As with the page fault value, you can only get the HTTP request counter value from SNMP. Use this OID:
enterprises.nlanr.squid.cachePerf.cacheProtoStats.cacheProtoAggregateStats.cacheProtoClientHttpRequests
The cache manager reports this information in a variety of ways:
# squidclient mgr:info | grep 'Number of HTTP requests'
Number of HTTP requests received: 535805
# squidclient mgr:info | grep 'Average HTTP requests'
Average HTTP requests per minute since start: 108.4
# squidclient mgr:5min | grep 'client_http.requests'
client_http.requests = 3.002991/sec
# squidclient mgr:60min | grep 'client_http.requests'
client_http.requests = 2.636987/sec
4. ICP Request Rate
If you have neighbor caches using ICP, you'll probably want to monitor the ICP request rate as well. While there aren't any significant performance issues related to ICP queries, this will at least tell you if neighbor caches are up and running.

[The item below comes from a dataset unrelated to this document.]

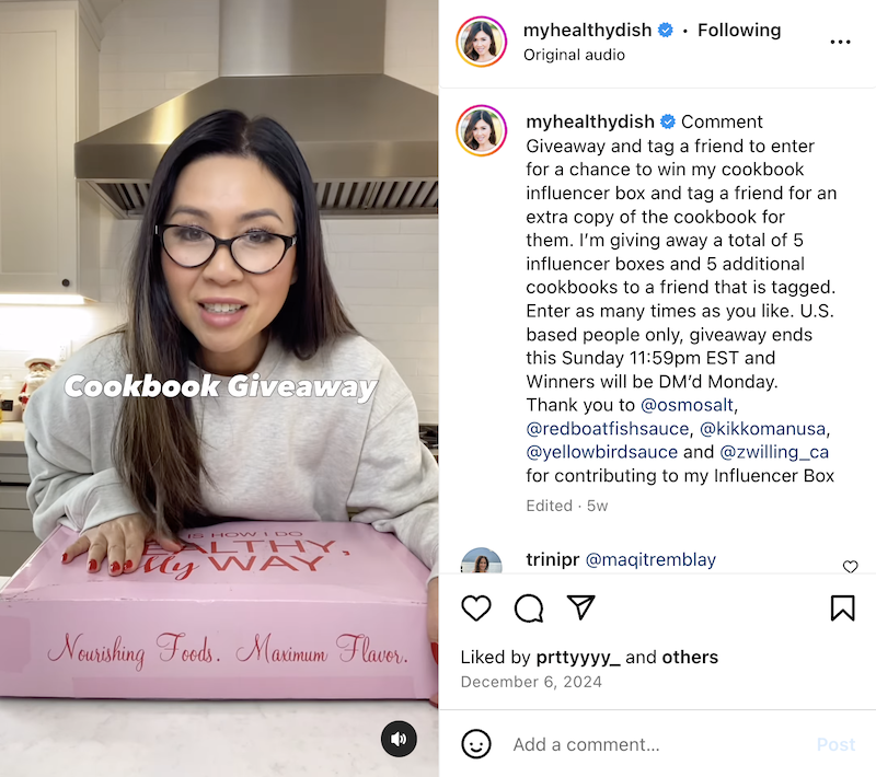 The additional products she included in her prize bundle are from food brands that are currently collaborating with her. My chose to go with a video post to explain the entry method better and to show off the actual prize. She also made sure to tag every brand featured in the giveaway.

To get the ICP query rate via SNMP, use this OID:
enterprises.nlanr.squid.cachePerf.cacheProtoStats.cacheProtoAggregateStats.cacheIcpPktsRecv
Note that the SNMP counter includes both queries and responses that your Squid cache receives. There is no SNMP object that will give you only the queries. You can get only received queries from the cache manager, however. For example:
# squidclient mgr:counters | grep icp.queries_recv
icp.queries_recv = 8595602